Always make sure when you are using grains and beans that you cook them with the spices and flavors your family enjoys. Individuals are much more likely to eat something when it tastes familiar.

Try to introduce the food that you are calling “food storage” into your daily menus one or two items at a time. Don’t overwhelm everyone with large amounts of new textures and tastes all at once or you will lose the campaign. Continue to use them in a variety of familiar recipes until the family gets used to them. (And even likes them, surprise!) Then the next rule is to add more and different items to the old standby recipes. Chocolate chip cookies are a good place to start.
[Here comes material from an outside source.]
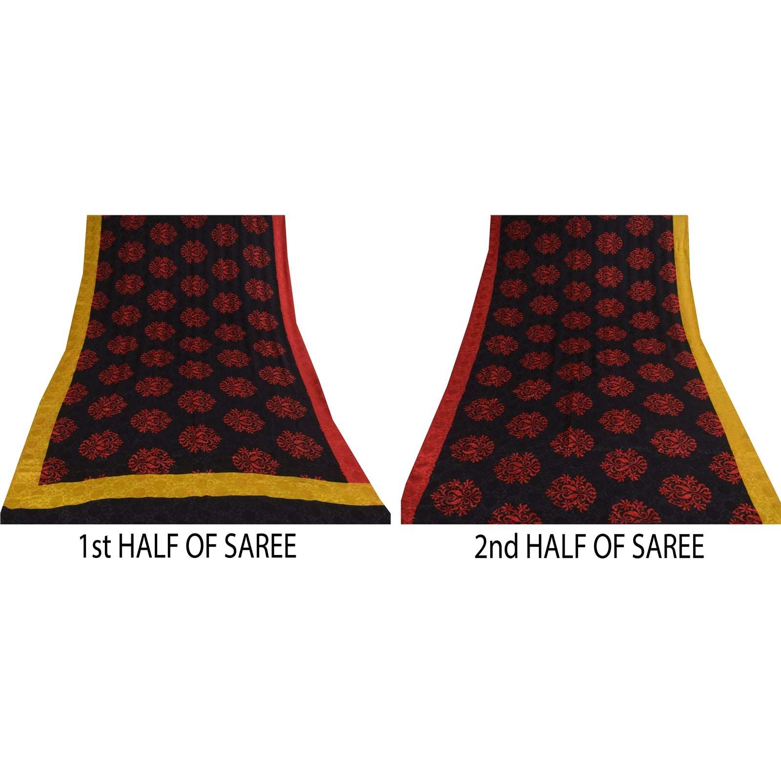 Sanskriti Vintage Sarees Black/Red Pure Crepe Printed Self Sari 5+yd Sustainable Fabric

Question from S.C., Dallas, TX - Someone convinced us to store water in a 55-gallon water drum. It’s way too heavy for me to tip. How do I get the water out of it?

You are right. A full 55-gallon barrel will weigh several hundred pounds. Go to a local hardware store, a well-equipped supermarket, or to a company that sells the water barrels (you can find them in the yellow pages or google them) and ask for a manual siphon-hose. It should cost about ten dollars. Most water barrels are created with a fitting on top to attach a siphon-hose.